◆ ACTIVITY:
Only an exact copy belongs in the answer: the line with "理论讲解后,现场迅速进入沉浸" and every line after it through the end of the records, pictures left out.

Records excerpted from a collection:
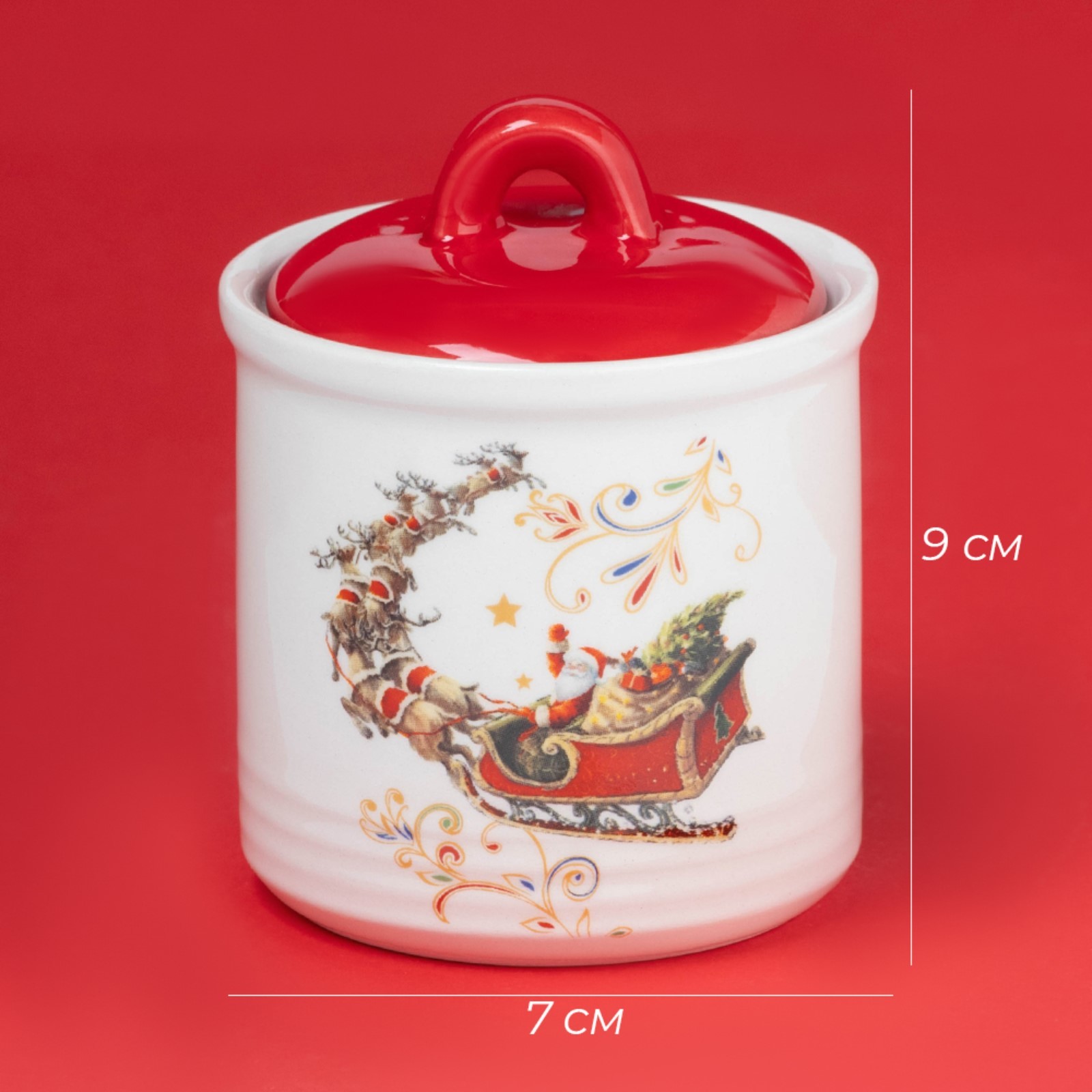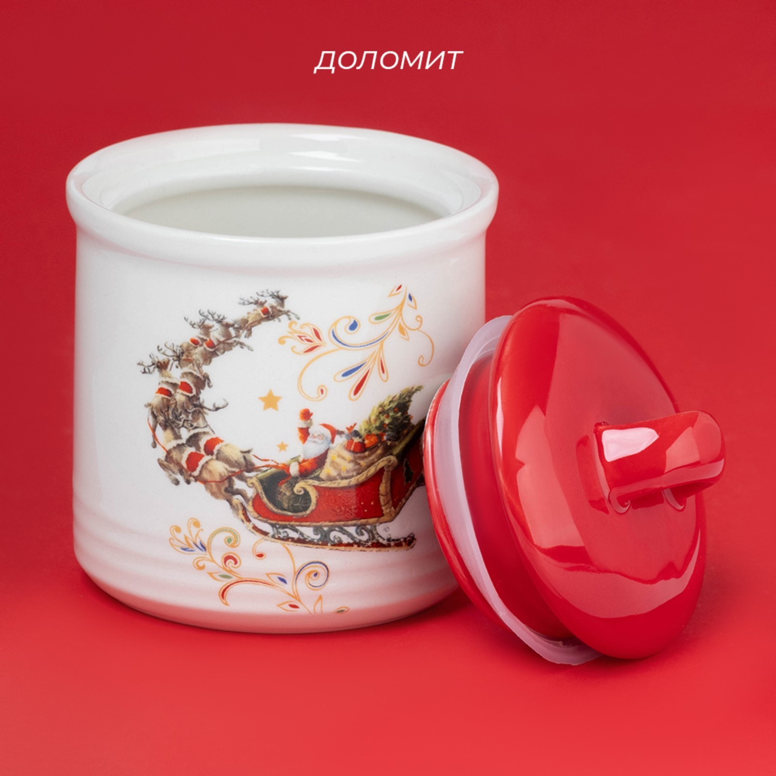 Банка для хранения сыпучих продуктов доляна «сани деда мороза», керамика, цвет белый
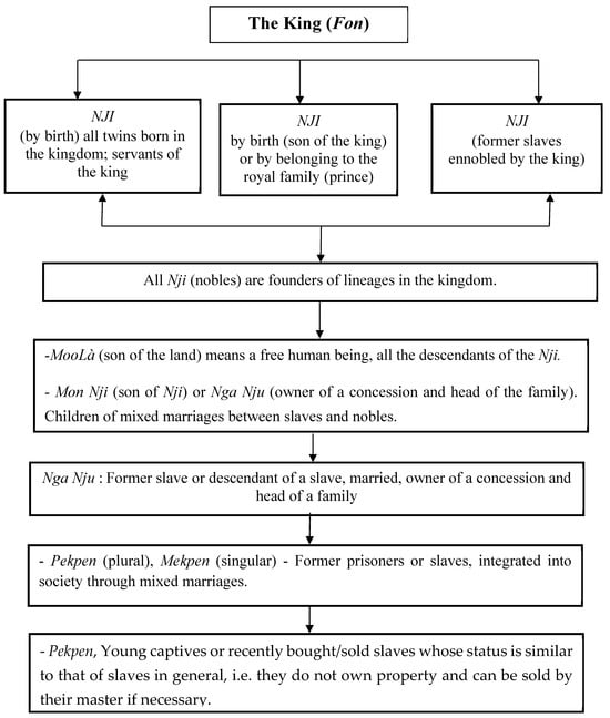 This territorial expansion was of undeniable economic importance, as the prisoners of war (captives) were used to exploit the vast areas acquired through the war, making the landowners and the majority of the Bamum as rich as possible (Njiassé-Njoya 1980, p. 160). In this vast kingdom, life was based on the principles of royalty and respect for customs (Tardits 1979, pp. 671–96). The new Bamum customary code, favoured the creation of a slavery society in which the nobles dominated and exploited the enslaved people. In any case, the hierarchical nature of Bamum society was an established fact. It was the fruit of a multi-faceted historical process. The building efforts of the various Bamum monarchs, committed to a logic of appeasement and fusion, had made it possible to arrive at this organisation. To better understand the organisation of Bamum society, it is useful to look at the table or the organisation chart below.
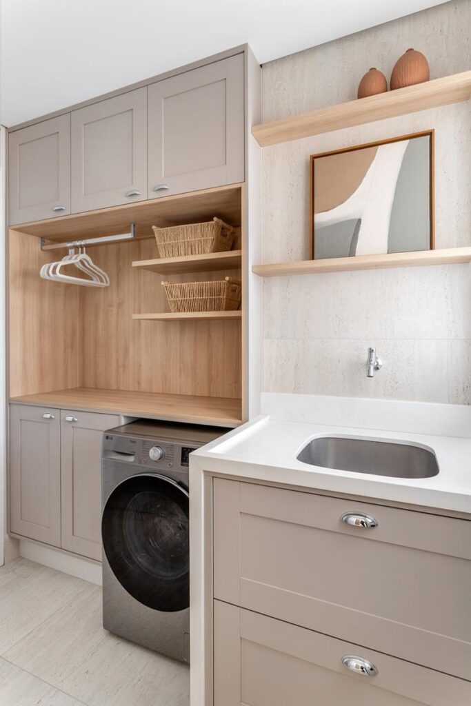 A lavanderia segue o mesmo padrão de marcenaria do restante do apartamento, mantendo os puxadores côncavos e a paleta que transita do cinza à marcenaria clara. Armários, prateleiras e cabideiro foram pensados para otimizar a rotina, mantendo o visual alinhado ao restante do projeto.
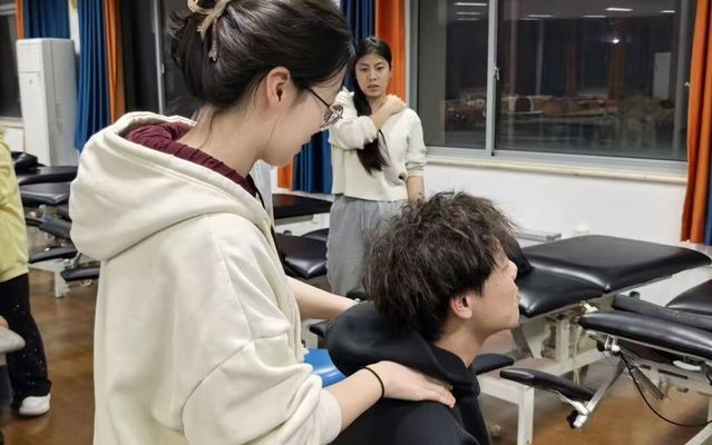 理论讲解后,现场迅速进入沉浸式实操演练。学员们两两结对,反复练习穴位定位、指针手法与力度把控。张教授与李教授深入各小组进行一对一精准指导:针对穴位定位偏差,结合解剖图谱细化技巧;针对手法不规范或力度不足,现场纠正发力方式,引导学员亲身感受“酸、麻、胀”的“得气”感;并耐心讲解颈部“小幅度、慢节奏”的活动配合技巧,确保每位学员都能掌握操作要义。学员们反馈,通过沉浸式练习,不仅熟练掌握了落枕康复的指针操作,更深刻理解了中医理论与现代康复技术的融合逻辑,专业能力得到显著提升。
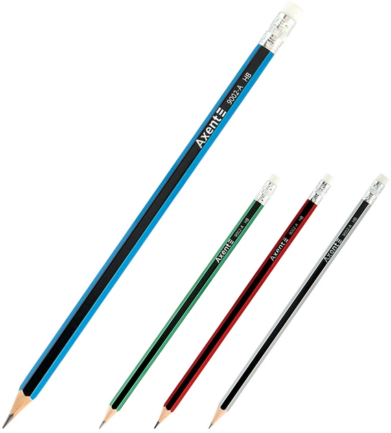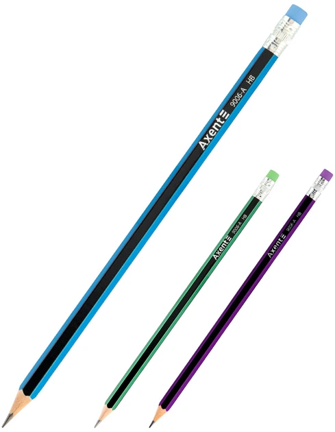 Набір олівців графітових Axent НВ з гумкою, тригранний матовий корпус, колір асорті (9003-A) 12 шт.

◆ WRITTEN RESPONSE:
 理论讲解后,现场迅速进入沉浸式实操演练。学员们两两结对,反复练习穴位定位、指针手法与力度把控。张教授与李教授深入各小组进行一对一精准指导:针对穴位定位偏差,结合解剖图谱细化技巧;针对手法不规范或力度不足,现场纠正发力方式,引导学员亲身感受“酸、麻、胀”的“得气”感;并耐心讲解颈部“小幅度、慢节奏”的活动配合技巧,确保每位学员都能掌握操作要义。学员们反馈,通过沉浸式练习,不仅熟练掌握了落枕康复的指针操作,更深刻理解了中医理论与现代康复技术的融合逻辑,专业能力得到显著提升。
 Набір олівців графітових Axent НВ з гумкою, тригранний матовий корпус, колір асорті (9003-A) 12 шт.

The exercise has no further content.